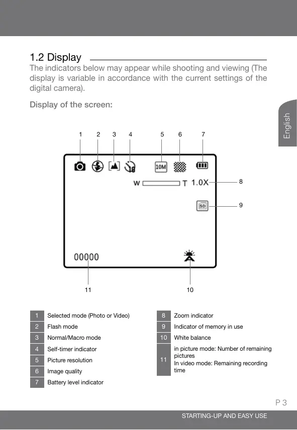 Advanced use Description The white balance is automatically adapted to the ambient lighting. The white balance is adapted to sunbeams. Use it for photographing under a cloudy sky. Use it for a fluorescent lighting (neon lights). Use it for an incandescent lighting (filament lamps). It allows monitoring the light sensitivity of the digital camera. Greater is the ISO value, more sensitive is the light therefore the camera’s ability is better for photographing in lighting low conditions; take a note that the noise of the image (grain) increases proportionally at the ISO value. English MENU As you adjust the exposure correction, the general brightness of the picture can be adjusted in such a way that the pictures are brighter or darker. Select the positive values (+) to increase the exposure and select the negative values (-) to decrease the exposure. The digital camera is equipped with a self-timer running from 2, 5 to 10 seconds for the auto portraits or to avoid the blurring effect coming from the camera shake.
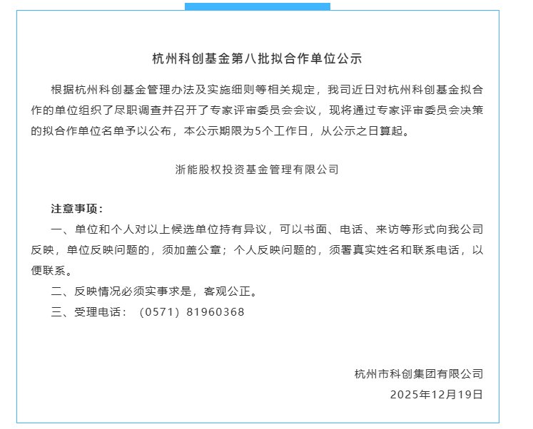 12月19日消息,杭州市科创集团有限公司发布公告,公示了杭州科创基金第八批拟合作单位,本次公示拟合作单位是:浙能股权投资基金管理有限公司。
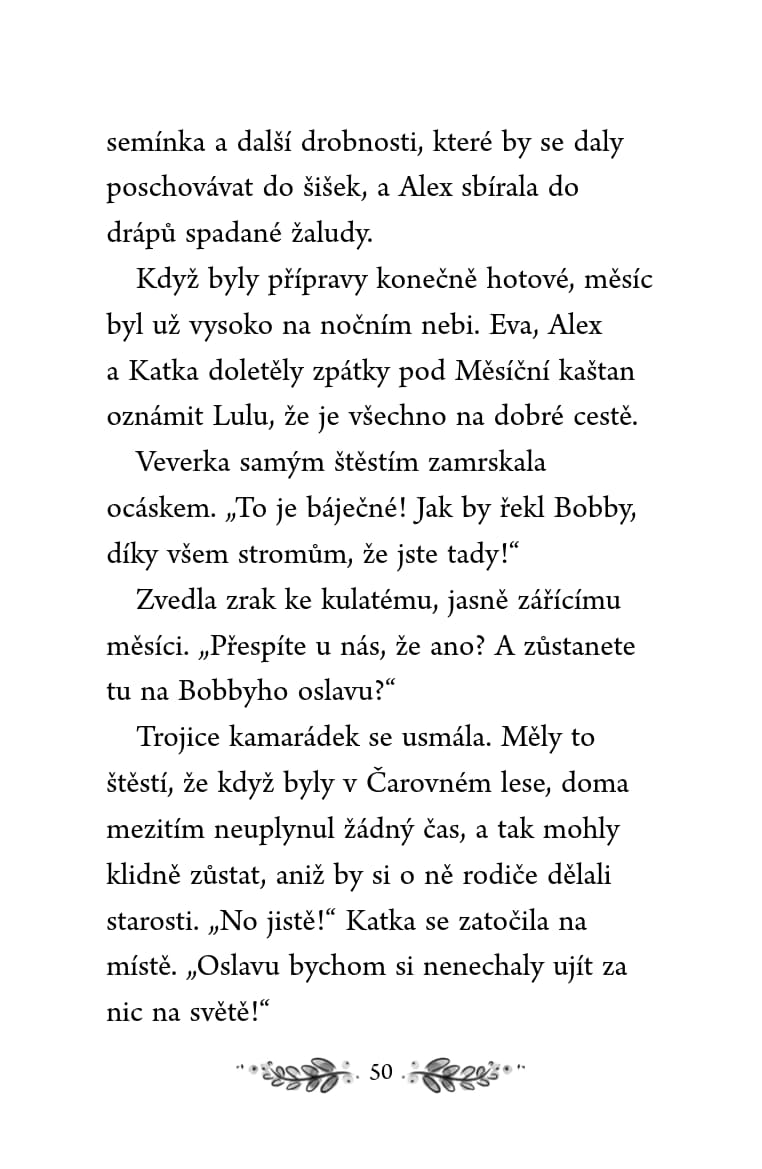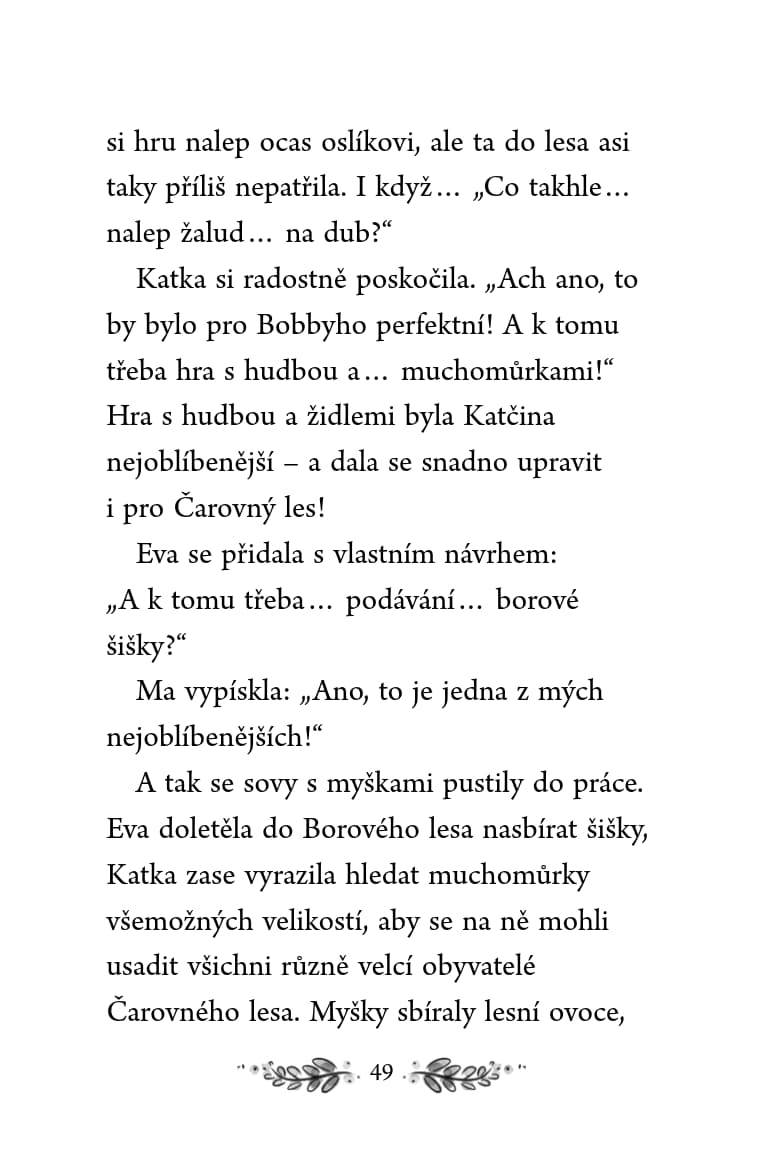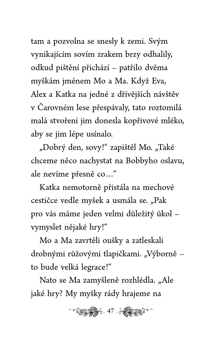 Kamarádky Eva, Katka a Alex se kouzlem promění v sovy a spolu s ostatními zvířátky pomáhají v Čarovném lese s přípravou narozeninové oslavy pro jezevce Bobbyho. Má to být velké překvapení! Ale Bobby náhle zmizí. Podaří se sovám oslavence najít? Vstupte s námi do světa fantazie!
- - - - -
Restate each line above exactly, keeping pictures out.

Response for this exercise:
 Advanced use Description The white balance is automatically adapted to the ambient lighting. The white balance is adapted to sunbeams. Use it for photographing under a cloudy sky. Use it for a fluorescent lighting (neon lights). Use it for an incandescent lighting (filament lamps). It allows monitoring the light sensitivity of the digital camera. Greater is the ISO value, more sensitive is the light therefore the camera’s ability is better for photographing in lighting low conditions; take a note that the noise of the image (grain) increases proportionally at the ISO value. English MENU As you adjust the exposure correction, the general brightness of the picture can be adjusted in such a way that the pictures are brighter or darker. Select the positive values (+) to increase the exposure and select the negative values (-) to decrease the exposure. The digital camera is equipped with a self-timer running from 2, 5 to 10 seconds for the auto portraits or to avoid the blurring effect coming from the camera shake.
 12月19日消息,杭州市科创集团有限公司发布公告,公示了杭州科创基金第八批拟合作单位,本次公示拟合作单位是:浙能股权投资基金管理有限公司。
 Kamarádky Eva, Katka a Alex se kouzlem promění v sovy a spolu s ostatními zvířátky pomáhají v Čarovném lese s přípravou narozeninové oslavy pro jezevce Bobbyho. Má to být velké překvapení! Ale Bobby náhle zmizí. Podaří se sovám oslavence najít? Vstupte s námi do světa fantazie!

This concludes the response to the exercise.